一旁的邵夫人还在啜泣,她对眼前这个情景束手无策,惊愕到失语。她眼中的邵彦平一直是乖巧伶俐并且十分懂事的孩子,她怎么也不能将如此大逆不道的事情,与她的这个“好儿子”联系起来。
屋外突然起了暴雨,雾气氤氲,为邵家渲上黑色幕布。
他们不知道的是,命运早已降了一道枷锁横亘在这个家族中,末世一般的诅咒正等待他们,外人看的真切。

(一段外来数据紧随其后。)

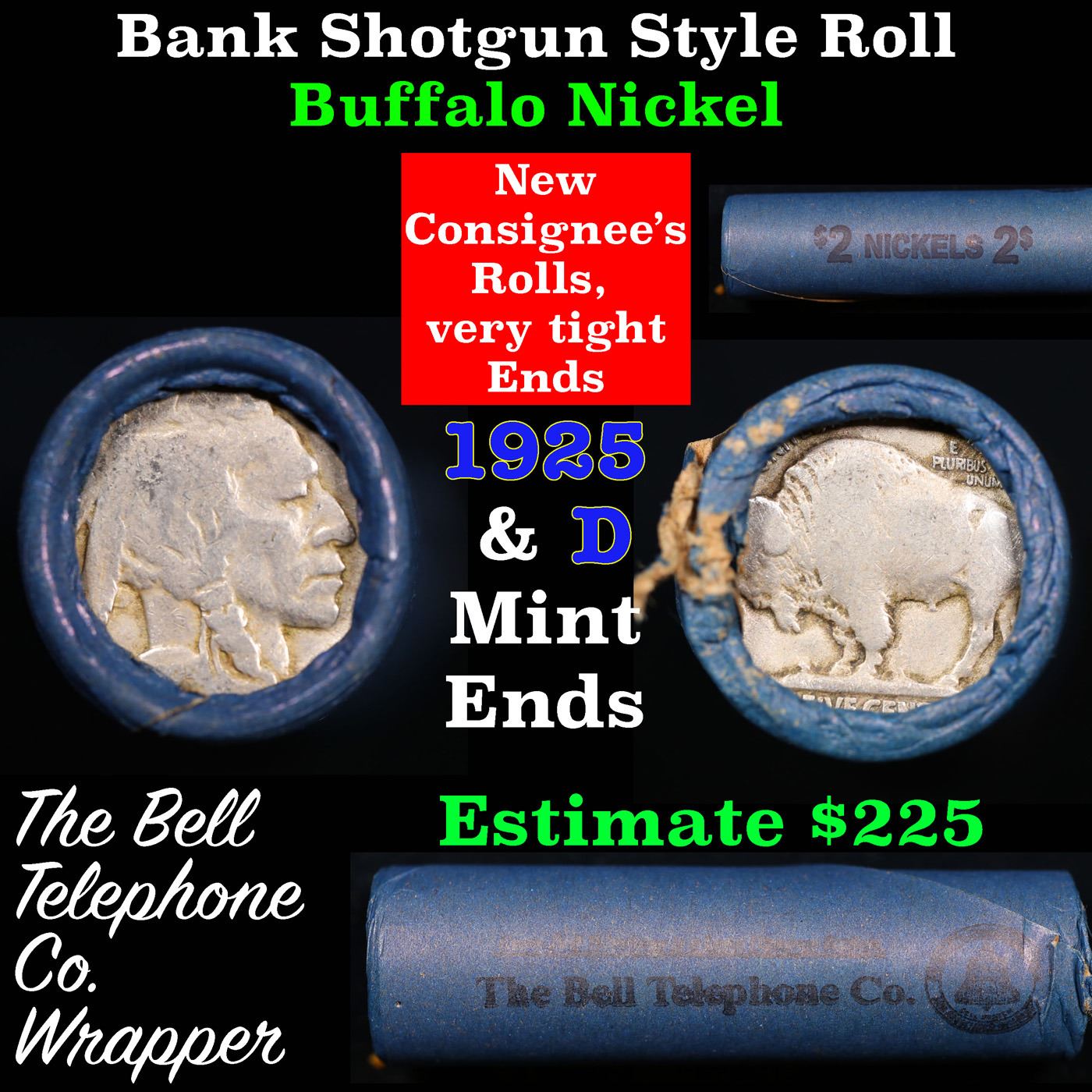 Buffalo Nickel Shotgun Roll in Old Bank Style 'Bell Telephone' Wrapper 1925 & D Mint Ends. The roll is held in an old, rare "Bell Telephone Co." Bank style wrapper. This is the Bell Telephone logo from the 1960's. They are all frrom one Estate. The ends on these rolls are very tight. We will guarantee they are all full dates.
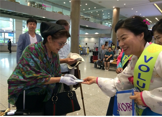 이번 리플릿은 '2016 국제로타리 세계대회(5월28일~6월1일)' 참가자들이 주로 입국하는 지난 27일 첫선을 보였으며 앞으로 외래 관광객들의 의견 등을 지속적으로 수렴해 리플릿의 내용을 개선하고 다른 입국 장소와 항공기 기내 홍보 등 배포 장소 및 홍보 확대를 병행해 추진할 예정이다.문화체육관광부는 한국관광공사와 함께 방한 외래 관광객을 대상으로 '관광정보 리플릿(이하 리플릿)'을 배포한다. 사진은 인천공항에서 관광정보 리플릿을 배포하고 있는 모습이다.<사진제공=문화체육관광부>

邵家是银临市出名的书香世家。年轻时的邵奕,“言念君子,性若白玉烧忧冷,墨眸似海,齿如瓠犀。举手头足间皆是儒雅,言谈举止中都是从容”。温柔的眉眼与凌厉轮廓,柔和中透着一丝狠戾,却不让人觉得矛盾,只会觉是个稳重靠谱的儒雅君子,实属人间绝色。
邵夫人与他的结合,亦是天作之合,佳人才子的故事罢了,一直以来都为人所津津乐道的。
邵奕承先祖之家训,教书育人三十载不敢怠慢,寒霜覆雪。明明再过两年,他就可以从银临第一中学校长这个位子光荣退休。却一朝毁于邵彦平这个不孝子。着实令人唏嘘不已!
可是尽管事到如今,邵奕受过的教育让他即便对这个逆子,也骂不出那些粗俗污秽的词来。
他想不懂发生这种事的缘由,怎么也想不明白。瘫坐在地上的他张了张口想再说些什么,最终也无语凝噎,只余长长的一声叹息。
许是太气,恰逢老毛病发作,胃开始痉挛疼的头皮发麻,汗水顺着面颊大滴大滴滑落。思想也被来回拉扯,邵奕心里狠狠暗道不好“该死的真会挑时间偏偏是这种候……”。但也凑巧是这疼痛感让邵奕冷静下来,思索如何解决事情。